Source material section start

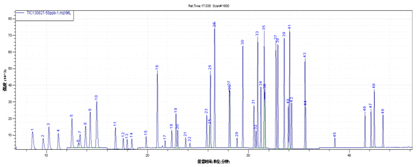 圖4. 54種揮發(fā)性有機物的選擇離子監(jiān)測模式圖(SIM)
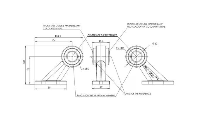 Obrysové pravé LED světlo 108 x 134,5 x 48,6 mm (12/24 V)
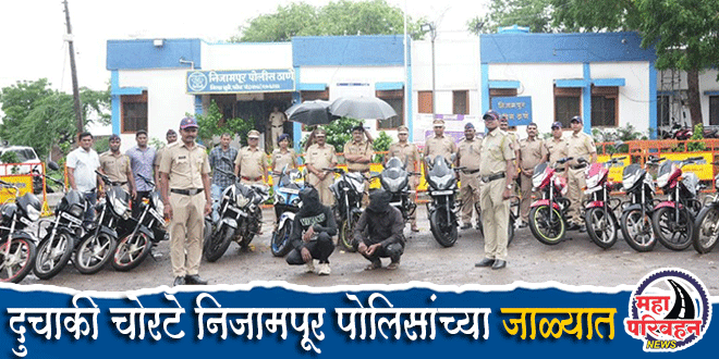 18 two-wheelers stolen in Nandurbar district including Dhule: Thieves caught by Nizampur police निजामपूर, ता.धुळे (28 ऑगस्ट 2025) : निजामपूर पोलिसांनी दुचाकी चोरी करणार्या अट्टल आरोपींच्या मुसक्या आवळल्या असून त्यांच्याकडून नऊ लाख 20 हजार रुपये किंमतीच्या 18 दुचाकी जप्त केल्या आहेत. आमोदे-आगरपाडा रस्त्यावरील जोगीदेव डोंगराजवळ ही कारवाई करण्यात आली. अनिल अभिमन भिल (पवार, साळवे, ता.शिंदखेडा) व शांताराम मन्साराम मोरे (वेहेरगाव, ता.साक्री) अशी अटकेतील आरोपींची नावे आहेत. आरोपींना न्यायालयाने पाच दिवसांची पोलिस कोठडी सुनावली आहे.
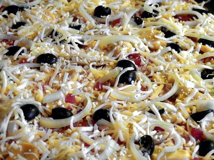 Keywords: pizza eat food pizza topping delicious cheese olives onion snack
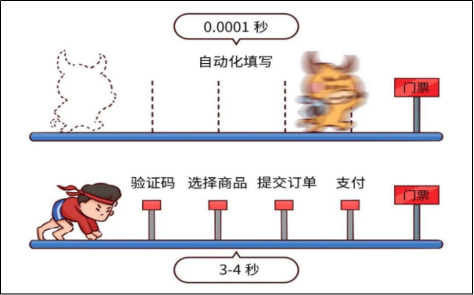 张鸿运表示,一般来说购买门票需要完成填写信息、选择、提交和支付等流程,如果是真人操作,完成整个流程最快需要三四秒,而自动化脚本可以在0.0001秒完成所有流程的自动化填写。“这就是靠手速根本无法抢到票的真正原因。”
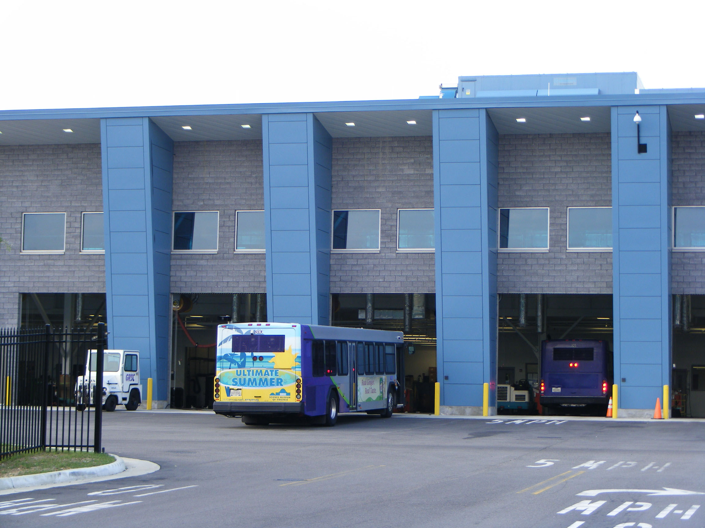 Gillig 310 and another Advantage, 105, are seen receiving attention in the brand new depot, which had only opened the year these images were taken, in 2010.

Source material section end

Repeat the records above exactly, without pictures.

 圖4. 54種揮發(fā)性有機物的選擇離子監(jiān)測模式圖(SIM)
 Obrysové pravé LED světlo 108 x 134,5 x 48,6 mm (12/24 V)
 18 two-wheelers stolen in Nandurbar district including Dhule: Thieves caught by Nizampur police निजामपूर, ता.धुळे (28 ऑगस्ट 2025) : निजामपूर पोलिसांनी दुचाकी चोरी करणार्या अट्टल आरोपींच्या मुसक्या आवळल्या असून त्यांच्याकडून नऊ लाख 20 हजार रुपये किंमतीच्या 18 दुचाकी जप्त केल्या आहेत. आमोदे-आगरपाडा रस्त्यावरील जोगीदेव डोंगराजवळ ही कारवाई करण्यात आली. अनिल अभिमन भिल (पवार, साळवे, ता.शिंदखेडा) व शांताराम मन्साराम मोरे (वेहेरगाव, ता.साक्री) अशी अटकेतील आरोपींची नावे आहेत. आरोपींना न्यायालयाने पाच दिवसांची पोलिस कोठडी सुनावली आहे.
 Keywords: pizza eat food pizza topping delicious cheese olives onion snack
 张鸿运表示,一般来说购买门票需要完成填写信息、选择、提交和支付等流程,如果是真人操作,完成整个流程最快需要三四秒,而自动化脚本可以在0.0001秒完成所有流程的自动化填写。“这就是靠手速根本无法抢到票的真正原因。”
 Gillig 310 and another Advantage, 105, are seen receiving attention in the brand new depot, which had only opened the year these images were taken, in 2010.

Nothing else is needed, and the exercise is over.